Dave Bermingham is Microsoft Cloud and Datacenter Management MVP at SIOS Technology, and David Klee is Founder & Chief Architect at Heraflux Technologies.
The first article in this three-part Industry Perspectives series examined the different perspectives Sys and DB Admins have regarding high availability, with storage area networks as an example of how these differences can create conflict. This second part dives deeper into potential conflicts involving the high-availability provisions for SQL Server, VMware and public cloud offerings.
As the dominant database for mission-critical applications, SQL Server naturally has its own HA provisions. The most robust of these is the Always On Availability Group feature found in the Enterprise Edition. The problem is: Licensing fees for Enterprise Edition are significantly higher than for the Standard Edition.
In a Windows environment, the Always On Failover Cluster Instance (FCI) feature in the Standard Edition integrates with Windows Server Failover Clustering (WSFC) to form the foundation of an affordable and acceptable HA solution for all but the most mission-critical database applications.
But the situation is quite different in a Linux environment where most distributions give IT departments two equally bad choices for HA: Either pay more for SQL Server Enterprise Edition to implement Always On Availability Groups; or struggle to make complex, do-it-yourself open source software configurations work well—something that can be extraordinarily difficult to do. Sys Admins prefer the former; DB Admins prefer the latter.
VMware presents a similar conundrum. VMware’s vSphere HA offering will appeal to Sys Admins based on its ease of implementation and operation. But as is often the case, the HA devil is in the HA details.
In a VMware or any other virtualized environment, the layers of abstraction complicate the way virtual machines (VMs) interface with physical devices, including in a storage area network (SAN) where the storage is also virtualized. These layers can adversely impact on performance, creating potential problems for DB Admins.
And there is another devil lurking within those layers. To facilitate full compatibility with certain SAN and other shared-storage features, such as I/O fencing and SCSI reservations, vSphere utilizes Raw Device Mapping (RDM) to create a direct link through the hypervisor between the VM and the external storage system. The requirement for using RDM with shared storage exists for any cluster, including those using SQL Server FCIs and/or WSFC.
Although RDM makes a storage device or subsystem appear to the guest operating system as a virtual disk file in a VMware Virtual Machine File System (VMFS) volume, it does not support disk partitioning. This makes it necessary to use “raw” or whole LUNs (logical unit numbers), and mapping is not available for direct-attached block storage and certain RAID devices.

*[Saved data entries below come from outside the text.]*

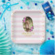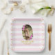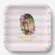 Pink roses graduation with pink and white stripes and gold confetti. Photo template via Pixabay licensed under CC0 and must be replaced with your own photo.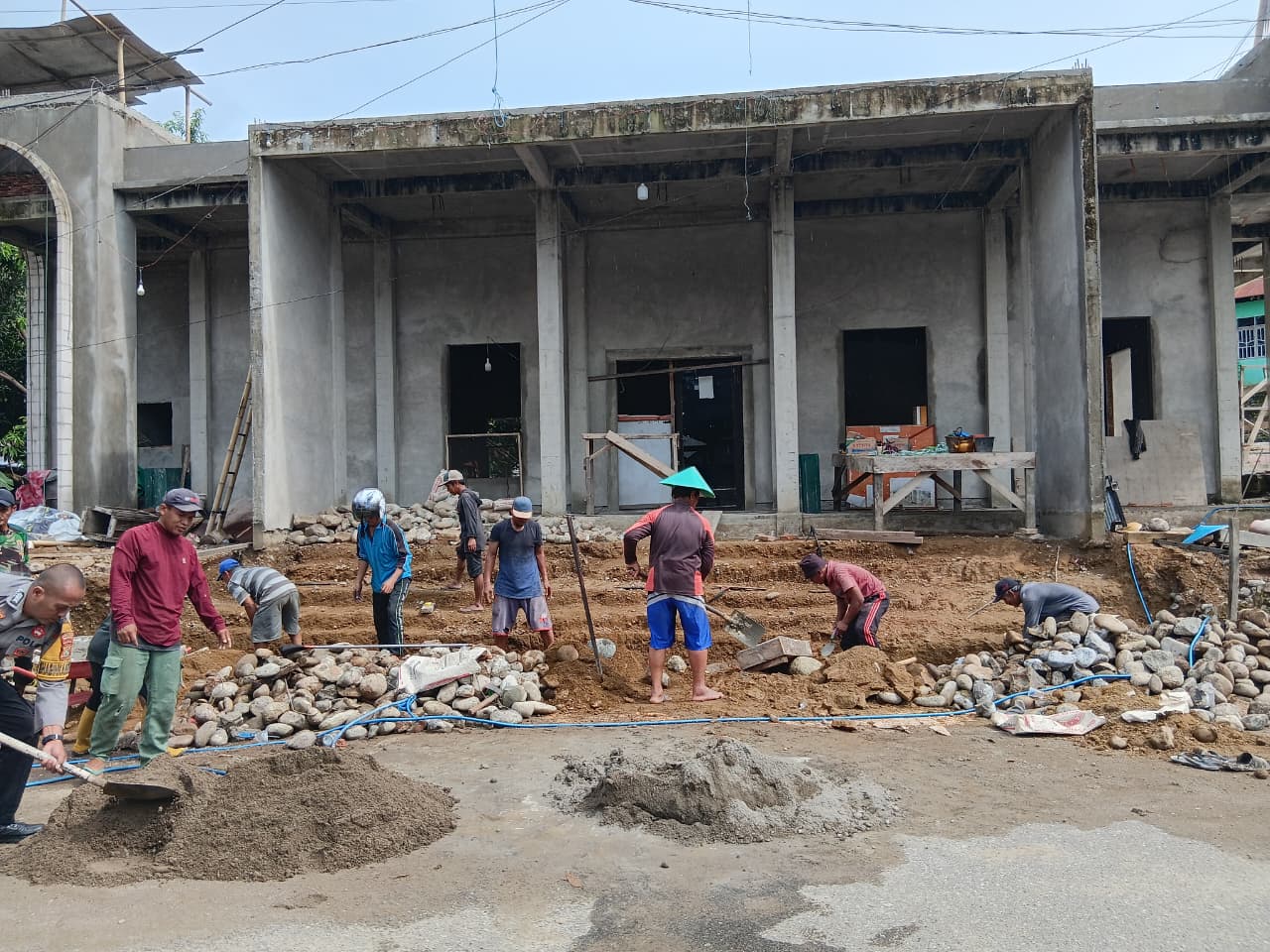 Majene _ Sebagai wujud nyata pengabdian kepada masyarakat, Bhabinkamtibmas Polsek Malunda Polres Majene, Bripka Abd. Basir, turut ambil bagian dalam kegiatan gotong royong bersama warga binaannya pada pembangunan Masjid Baitul Mukminin di Dusun Mosso Timur, Desa Lombong Timur, Kecamatan Malunda, Kabupaten Majene, Jumat (9/1/26).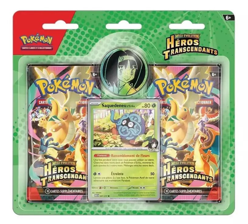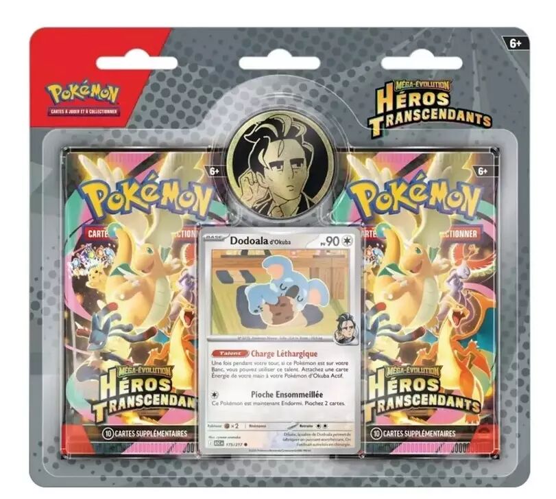 L'aventure continue avec ce pack spécialement conçu pour les dresseurs impatients. Ce format "Duo" regroupe deux boosters scellés de l'extension Héros Transcendants (ME02.5), une série déjà incontournable pour tout collectionneur qui se respecte.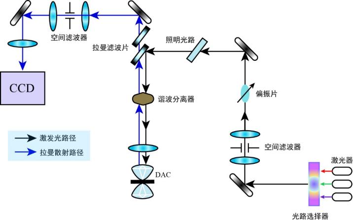 圖5. 典型高壓原位激光拉曼光學(xué)平臺的光路圖(部分)

And because RDM interferes with VMware features that employ virtual machine disk (VMDK) files, DB Admins may be unable to fully utilize desirable features like snapshots, Virtual Consolidated Backups, templates and vMotion.
Even worse is how RDM exacerbates performance problems. When configured for maximum compatibility with shared SCSI and SAN storage (something Sys Admins prefer), database applications are unable to use performance-enhancing capabilities like Flash Read Cache (something BD Admins use regularly).
Only for environments leveraging the new Virtual Volume (VVOL) capabilities do the RDM requirements disappear. But even then, VVOL support is rare among storage array vendors, and the usage of VVOLs is still only supported on the newest version of vSphere.
In addition to encountering these same issues with SQL Server, Linux and VMware, public cloud services can have their own peculiarities that complicate creating highly available configurations. Examples of these Platform-as-a-Service (PaaS) limitations include a lack of support for the shared storage used in some HA solutions, master instances only being able to create a single failover replica, requiring backups be performed on the master dataset, failovers being triggered by zone outages only and not other common failures, and the use of event logs to replicate data, which create a “replication lag” that results in temporary outages during a failover.
While these limitations might be acceptable as part of a disaster recovery strategy for some enterprise applications, they are unacceptable for mission-critical database applications. The challenge, therefore, is to find one approach capable of working cost-effectively across all applications in public, private and hybrid clouds for both Windows and Linux.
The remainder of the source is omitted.